Regarding the problem that generating summary.json is stuck for a long time during training

xl-lei commented 8 months ago

Hello, when training, I often get stuck in the verification part of the verification set. At this time, the predictions are completed, but summary.json is not generated, and the GPU utilization is 0 for a long time.

TaWald commented 8 months ago

Can you be more precise?

What do you mean by "stuck" -- Does it finish eventually or does it idle?
Does it also occur when you only do validation?

Without more details we can't help you and only guess.

Maybe one of your multi-processed workers are stuck and the Pool cannot be joined?

xl-lei commented 8 months ago

Regardless of whether it is training or only verification, when verifying the verification set, sometimes it will happen that all samples have not been predicted, the prediction will no longer be performed, and the GPU usage will be 0 for a long time. At this time, the program does not stop automatically and is still running.

xl-lei commented 8 months ago

Now I choose to use ‘Ctrl C’ to stop the program, and the program stops at this part. Has the program been stuck in this place before? QQ截图20240111151205

TaWald commented 8 months ago

Seems like one of your workers dies due to too high memory consumption at inference time.
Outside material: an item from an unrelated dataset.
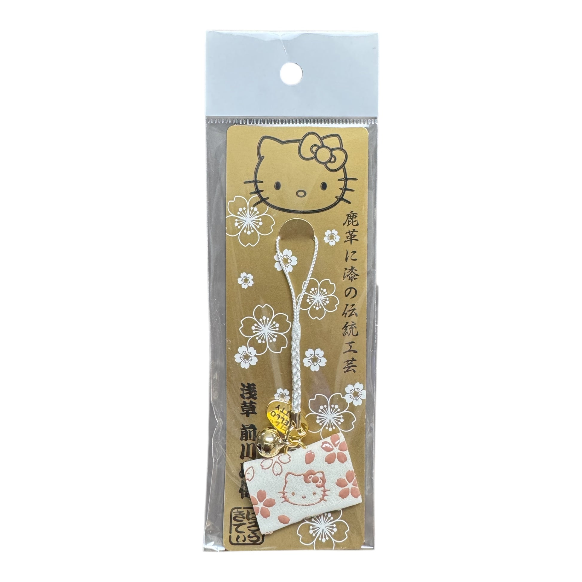 A Japan-made Hello Kitty omamori charm crafted with traditional Inden deer leather.
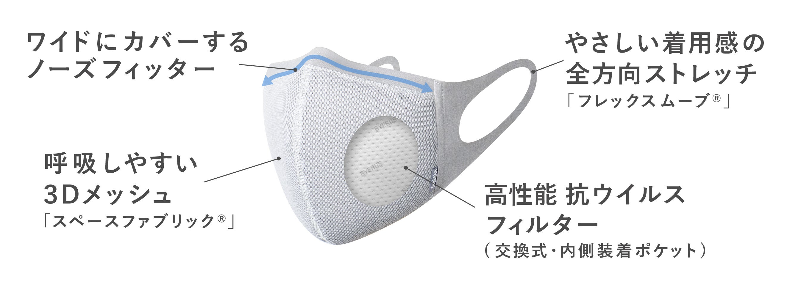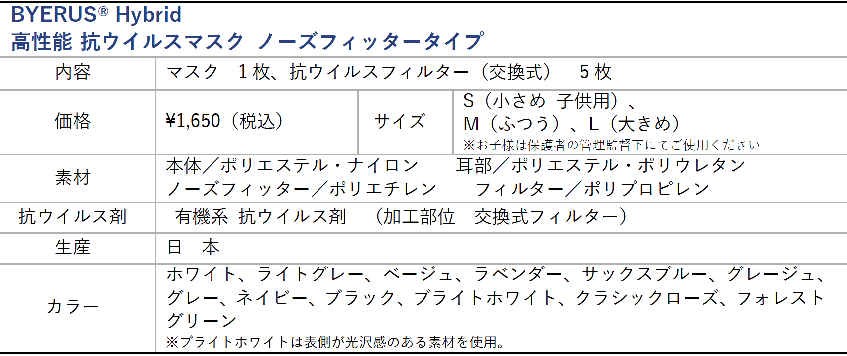 - BYERUS®Hybrid ⾼性能 抗ウイルスマスクについて

Also it seems like you train with STU-Net which is a large architecture and you should probably open an issue with them as this is likely specific due to their larger architecture you train with.

Aside from this: General tips are that you should reduce the number of processes that you do inference with so you don't have too many input images open and in memory at the same time.

xl-lei commented 8 months ago

Hello, the program in the picture above was stopped manually by me using ‘ctrl +c’. I I re-ran the program and observed the files generated during the verification and found that always when all the data is about to be predicted, there are a few left, and then the remaining ones cannot be predicted to be completed. For example, in these files, I used -val for the verification set part of amos2022, which has 120 pieces of data. The first 118 pictures here are all finished quickly, but the program no longer predicts the remaining ones around 20:45, and the GPU utilization is also 0 for a long time. QQ截图20240111211529 QQ截图20240111211714 I want to know why this anomaly happens? There are only a few images left. I don’t think it’s because of memory issues. Could you please help me solve this problem? Thank you very much!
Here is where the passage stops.